Le gouvernement a mal communiqué sur l’ouverture de la SNCF à la concurrence en insistant sur le statut des salariés de la SNCF. Cette mauvaise communication est en fait volontaire et vise à séparer la question de la SNCF des autres problématiques sociales, comme les revendications des EPHAD, des éboueurs et des étudiants; d’ailleurs le gouvernement a compris l’erreur et les membres de LREM envahissent les plateaux de télévision et les radios pour expliquer que le sac à dos social (régime de retraite, rémunération, statut) ne serait pas touché, quand certains salariés de la SNCF passeront à la concurrence.

La question de la mauvaise communication est mineure par rapport à celle, politique, qui est en train d’émerger et qui peut mettre en difficulté le gouvernement. Pour l’instant le Président Macron se tait, il estime que les 72% de Français qui souhaitent la réforme sont de son côté. Fort de cette légitimité, il va résister à la grève de la SNCF, même si la Ministre des transports Borne a mis beaucoup d’eau dans son vin en reculant sur la racine du mal de la grève, à avoir le statut des salariés de la SNCF,

Macron peut-il craindre les conséquences de cette grève sur le plan politique ?

L’espace politique en France contre Macron est représenté par les Insoumis de Mélenchon, l’extrême droite de Marine Le Pen, les LR de Wauquiez et une partie de la société civile qui n’a pas voté pour Macron.

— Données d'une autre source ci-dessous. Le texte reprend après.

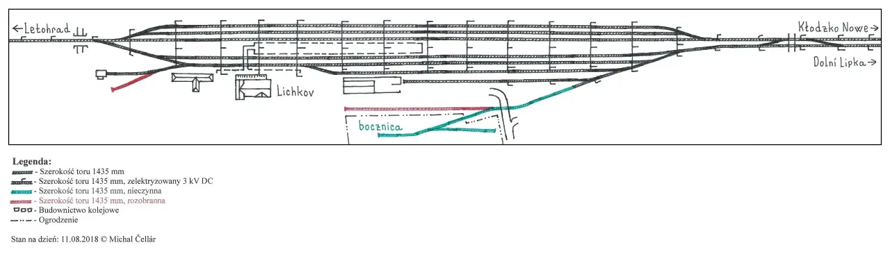 Lichkov. Z lewej peron 2. Widok w kierunku wschodnim: Międzylesie/Kłodzko, Dolna Lipka.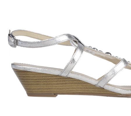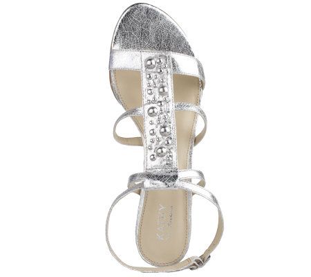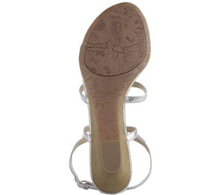 Worn with capris and crop pants, shorts and skirts, these multi-strap sandals are the perfect warm-weather companions. Ornament details are feminine and fun, while the adjustable ankle strap allows for a comfortable fit. From Kathy Van Zeeland.

Une grande partie des électeurs PS ont choisi Macron. Comment expliquer l’opposition quasi-famélique face à Macron? Cette opposition se coagule sur un point: la lutte contre les diktats du Président en matière d’ordonnances et la volonté de celui-ci de faire émerger un libéralisme systématique en France. La France, malgré sa transformation, reste malgré tout un pays dans lequel l’État providence (mal en point), l’intérêt général et la passion pour l’égalité demeurent des vecteurs importants.

La droite LR oppose des arguments faibles à Macron. Marine Le Pen ne souhaite pas la grève pour ne pas handicaper les usagers/clients de la SNCF, mais estime que la méthode utilisée par Macron est inacceptable politiquement. La France insoumise est contre la réforme, même si elle estime qu’il faut des inflexions. Le PS de Olivier Faure ne dit pas grand-chose car c’est sous Hollande que les modifications importantes concernant les débats sur l’ouverture du capital de la SNCF ont démarré.

A droite comme à gauche, on a toujours souhaité modifier l’organisation de la SNCF mais, par manque de courage politique, la plupart des gouvernements ont échoué (Chirac en 1995, Sarkozy a amorcé quelques réformes au cours de son mandat). Il y a une boulimie réformatrice chez le Président Macron. Doit-il accélérer ou ralentir les réformes ? Il pense que non.

Faut-il craindre une coagulation des mouvements sociaux?

La SNCF retient l’attention des Français mais d’autres mouvements sociaux sont en train d’émerger. A l’Université des mouvements de blocage apparaissent, les étudiants refusent les conséquences de parcours sup qui se traduisent par une désorganisation de la gestion des néo bacheliers.

Ces mêmes étudiants refusent, au nom de l’égalité, la sélection pour entrer à l’Université, une Université qui ploie sous l’absence des financements adéquats depuis les réformes entreprises par Valérie Pécresse quand elle fut en charge de l’Enseignement supérieur. Dans les EPHAD les sous-effectifs et le burn-out dont sont victimes les salariés constituent des signes de révolte éventuelle. Les éboueurs contestent aussi leurs conditions de travail et de rémunération et menacent de faire une grève durable. Tous ces mouvements sont-ils coagulables? A court-terme, la réponse est non et le Président Macron peut tranquillement dormir sur ses deux oreilles. Qu’en sera-t-il si la grève perlée de la SNCF dure?

Qu’en sera-t-il si une partie de l’opinion qui fait confiance à Macron se désolidarise de lui? La France n’a pas à craindre un mai 68 qui n’arrivera jamais en Mai 2018 car les idéologies sont mortes. La société française est devenue fortement individualiste et assez paradoxalement communautariste par certains aspects. Les conditions de coagulation des mouvements sociaux ne sont pas réunies, Néanmoins, le gouvernement devra traiter au fond la question de la dette de la SNCF avant son ouverture de capital. Voilà le véritable problème.